(WORK REQUIRED): Only the lines from the one containing "人們?cè)谛陆疄豸斈君R市水磨溝區(qū)天山明月城游玩(2024年5月4日攝)。新華社記者 胡虎虎 攝" through the end of the data are wanted, reproduced exactly and without pictures.

(EXCERPTED RECORDS):
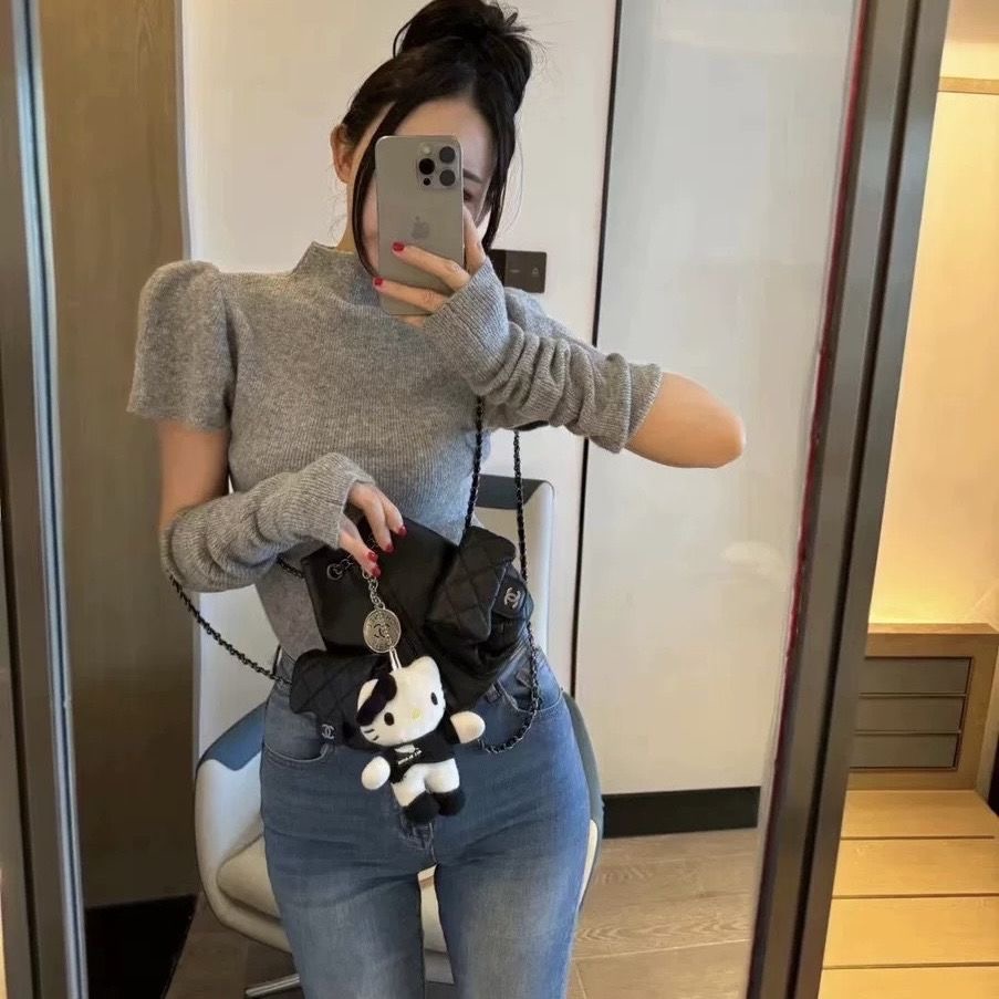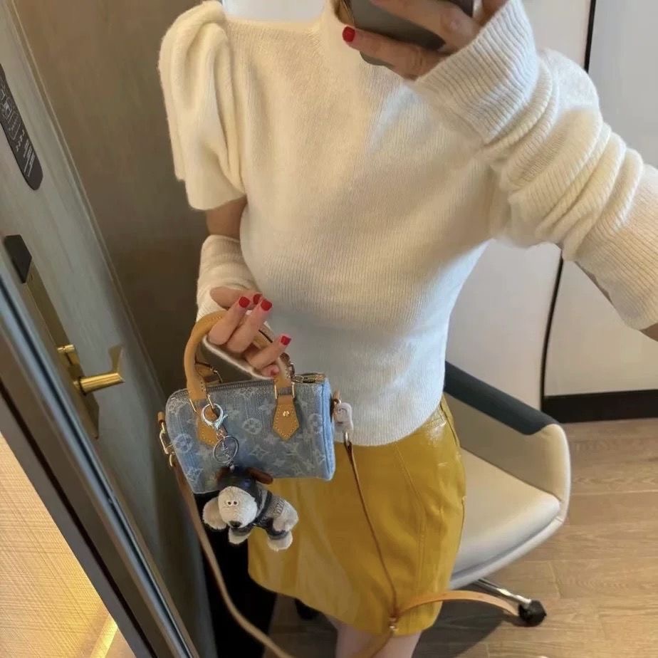 2025秋季新款圆领泡泡袖针织衫女纯色毛衣配袖套气质显瘦短款上衣
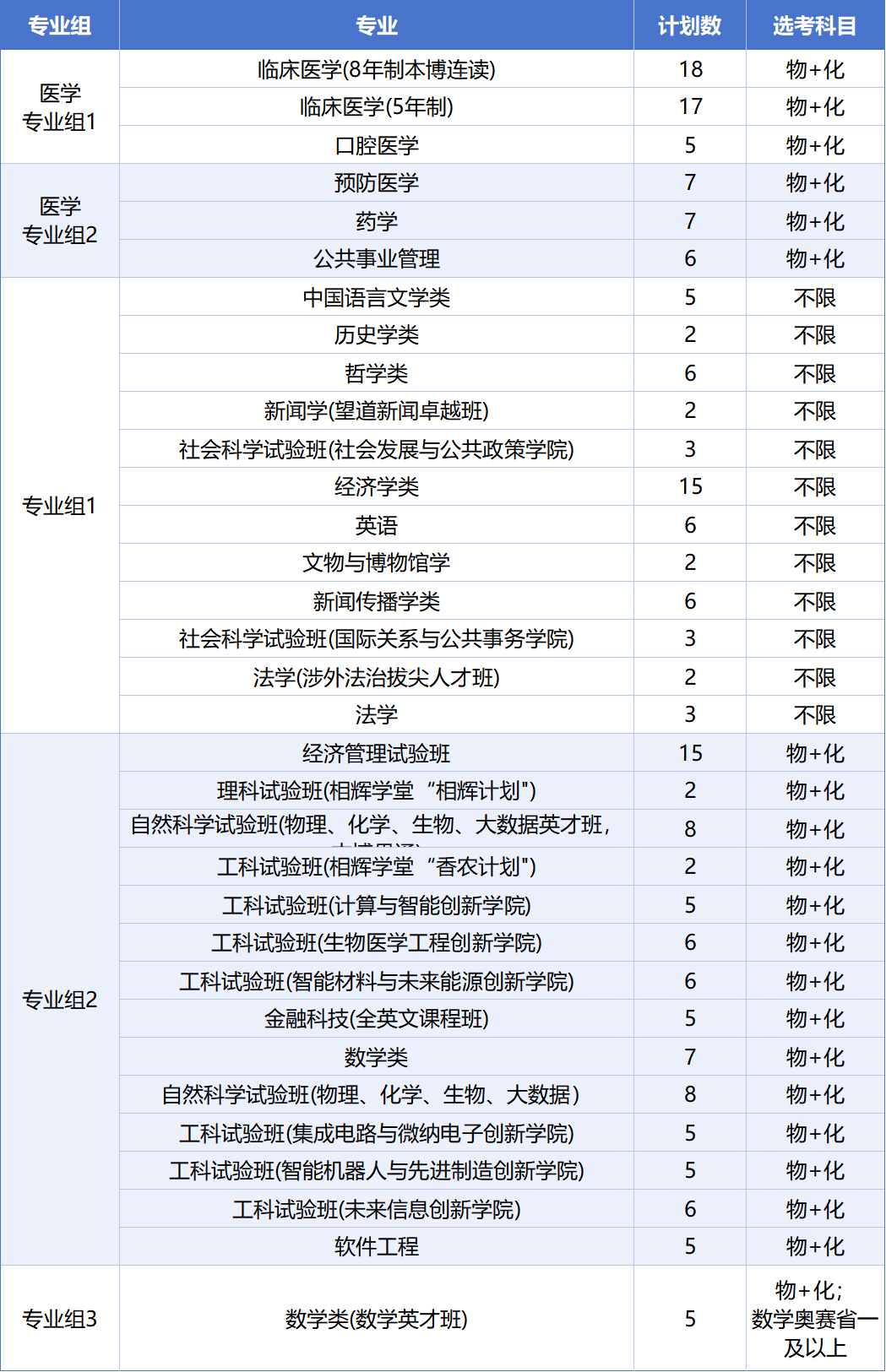 1、文科组:减少5人,社会科学试验班和法学拆分,新增文物与博物馆学和新闻学卓越班,金融学(金融科技方向)被踢出文科组,迭代为金融科技(英语方向),加入理科组。
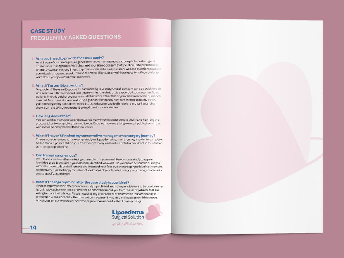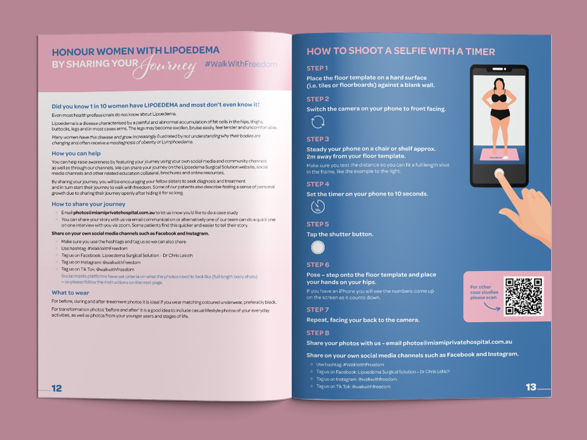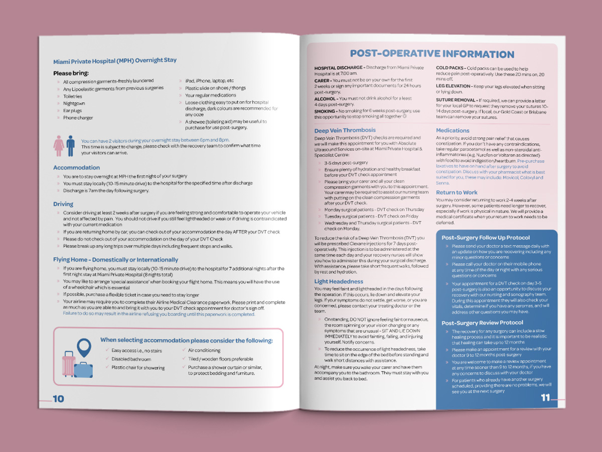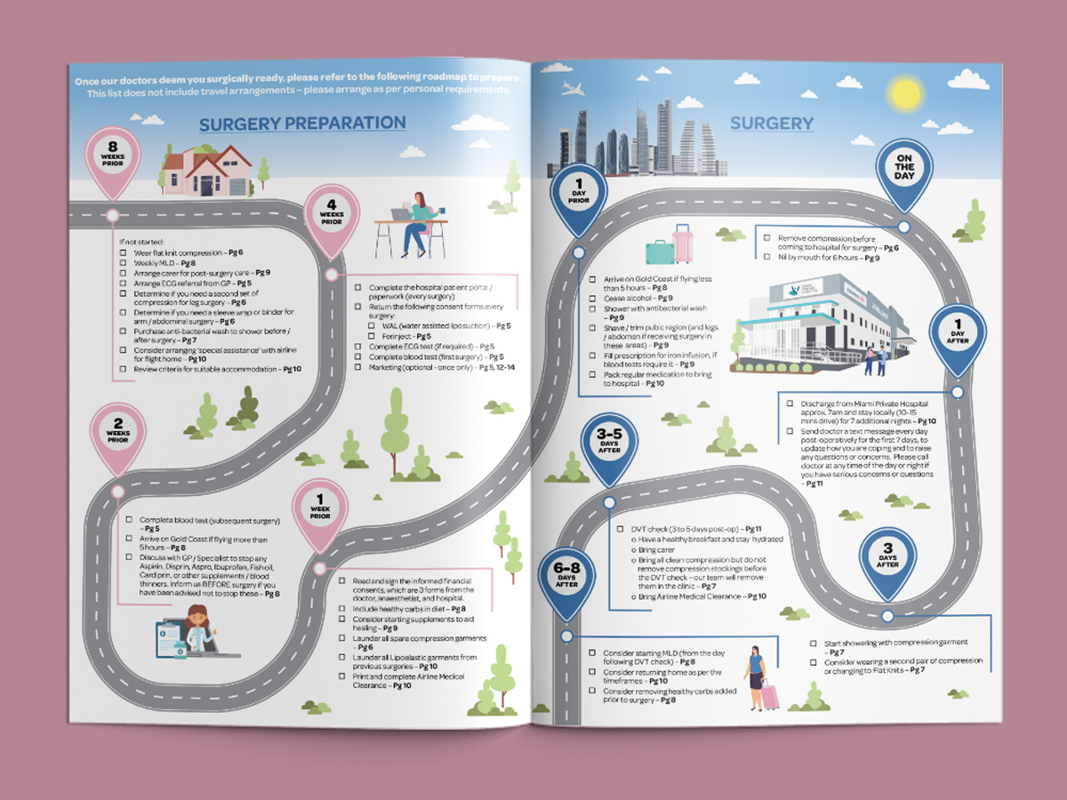 Pre and Post Surgery Instructions Brochure – Lipoedema Surgical Solution CLIENT: Lipoedema Surgical Solution A4 sized 16-page Pre & Post Instructions Brochure for patients, including custom illustrations. Are you ready to invest in your brand's success? YES, I'M READY!
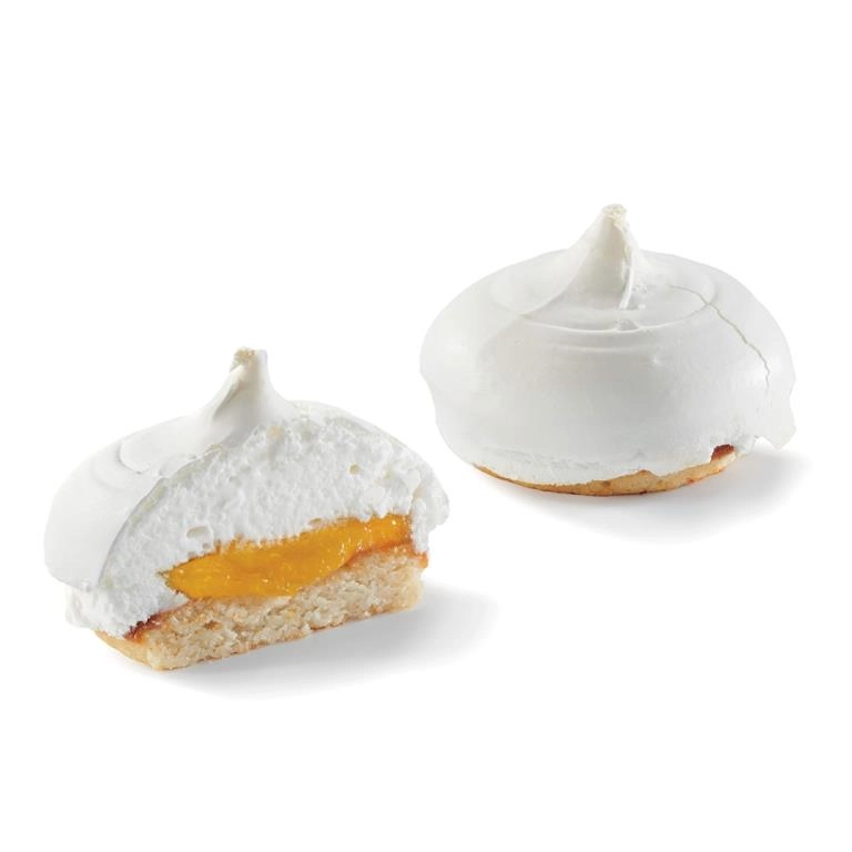 Base dacquoise, compota de cítricos (naranja, mandarina, zumo de limón, ralladura de lima y limón) merengue (blando por dentro) al horno.
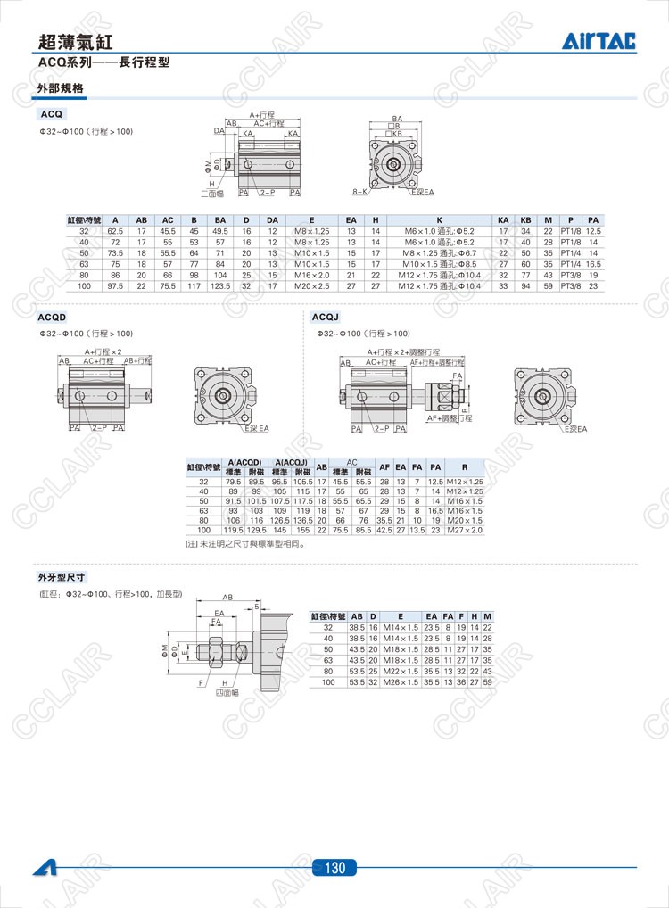 ACQ32*125,ACQ32*125-S,ACQD32*125,ACQD32*125-S,ACQJ32*125,ACQJ32*125-S,AIRTAC亞德客長(zhǎng)行程超薄氣缸
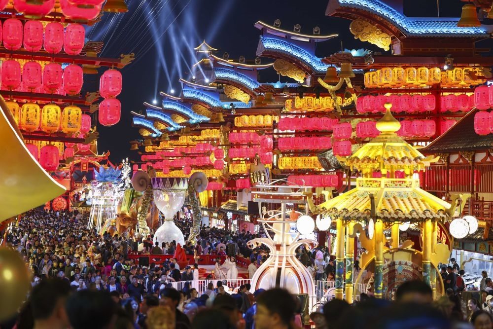 人們?cè)谛陆疄豸斈君R市水磨溝區(qū)天山明月城游玩(2024年5月4日攝)。新華社記者 胡虎虎 攝
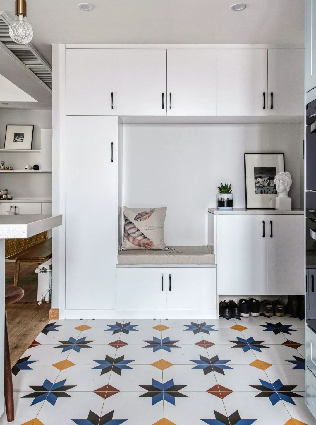 入户的玄关走廊处就铺贴了花砖,充满创意的花砖让人一进门心情就会变好。嵌入式的鞋柜做到了顶部,中间留出了作为换鞋凳的位置,摆放日常杂物非常方便。
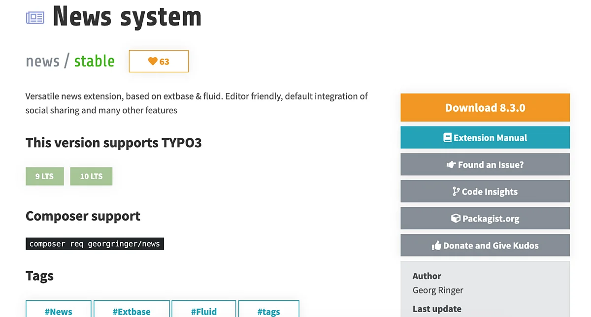 What’s the most popular extension for TYPO3? Probably the News extension, maintained by Georg Ringer. If you need any kind of periodical content like articles, this is a good place to start. On this extension page, you can see that it has its own independent version, the author is the maintainer, it shows when it was last updated, and which versions of TYPO3 it supports.
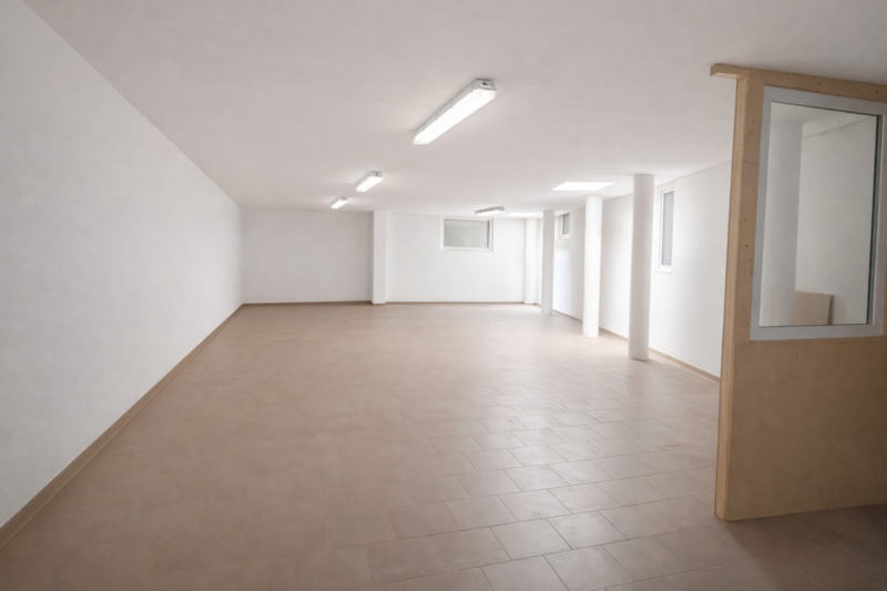 Die Bürofläche befindet sich im Erdgeschoss und hat eine Fläche von ca. 100m², die sich ideal als Büroräumlichkeiten oder für den Detailverkauf eignen. Zusätzlich stehen im hinteren Bereich der Immobilie Lagerräume mit einer Fläche von ca. 400m² zur Verfügung.
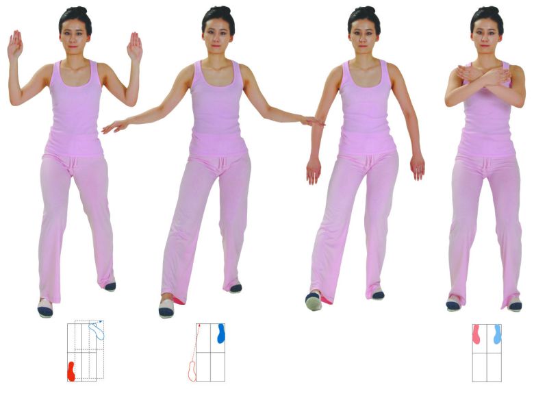 4. 오른발을 뒤로 옮겨 왼발과 어깨 너비로 평행이 되게 딛는다. 동시에 양팔을 가슴 앞으로 들어올려 X자가 되게 하는데 왼손이 안쪽, 오른손이 바깥쪽에 있게 한다.
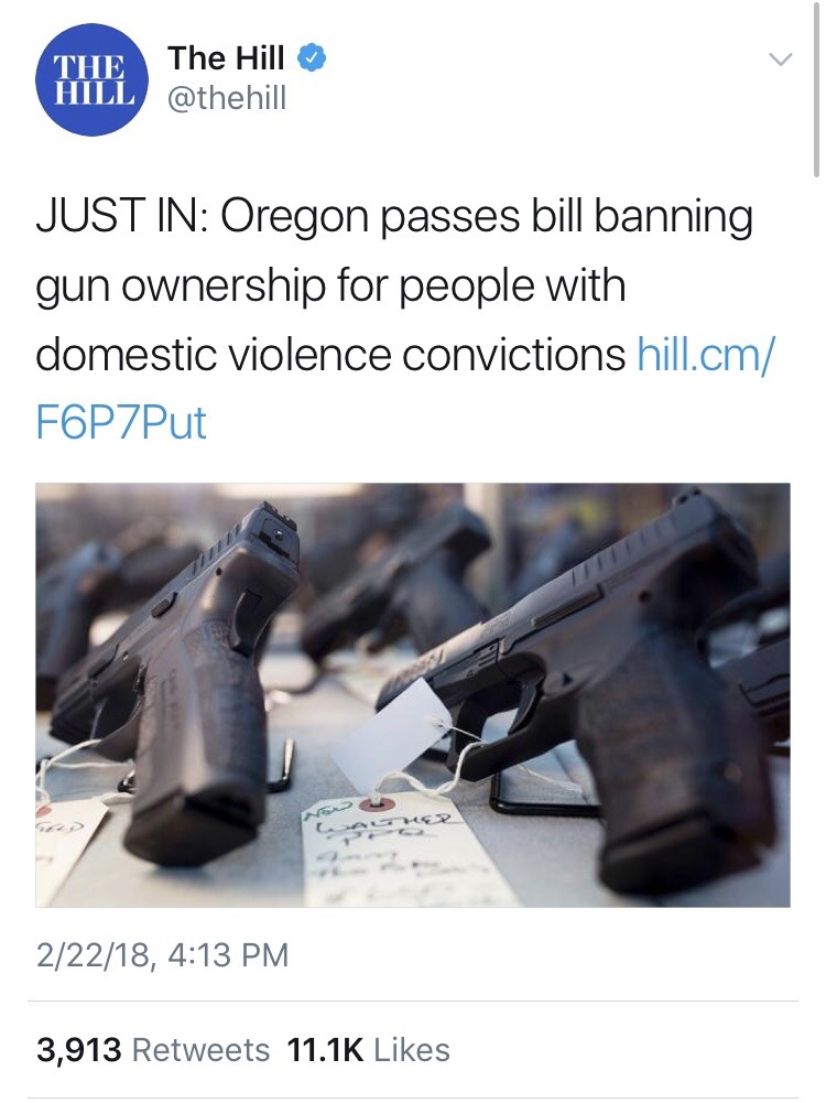 I also love how this bill doesn’t follow the ableist agenda that’s been going around lately that demonizes mentally ill people. The bill carefully specifies that the ban is for convicted domestic abusers. Good job Oregon.

(REPLY):
 人們?cè)谛陆疄豸斈君R市水磨溝區(qū)天山明月城游玩(2024年5月4日攝)。新華社記者 胡虎虎 攝
 入户的玄关走廊处就铺贴了花砖,充满创意的花砖让人一进门心情就会变好。嵌入式的鞋柜做到了顶部,中间留出了作为换鞋凳的位置,摆放日常杂物非常方便。
 What’s the most popular extension for TYPO3? Probably the News extension, maintained by Georg Ringer. If you need any kind of periodical content like articles, this is a good place to start. On this extension page, you can see that it has its own independent version, the author is the maintainer, it shows when it was last updated, and which versions of TYPO3 it supports.
 Die Bürofläche befindet sich im Erdgeschoss und hat eine Fläche von ca. 100m², die sich ideal als Büroräumlichkeiten oder für den Detailverkauf eignen. Zusätzlich stehen im hinteren Bereich der Immobilie Lagerräume mit einer Fläche von ca. 400m² zur Verfügung.
 4. 오른발을 뒤로 옮겨 왼발과 어깨 너비로 평행이 되게 딛는다. 동시에 양팔을 가슴 앞으로 들어올려 X자가 되게 하는데 왼손이 안쪽, 오른손이 바깥쪽에 있게 한다.
 I also love how this bill doesn’t follow the ableist agenda that’s been going around lately that demonizes mentally ill people. The bill carefully specifies that the ban is for convicted domestic abusers. Good job Oregon.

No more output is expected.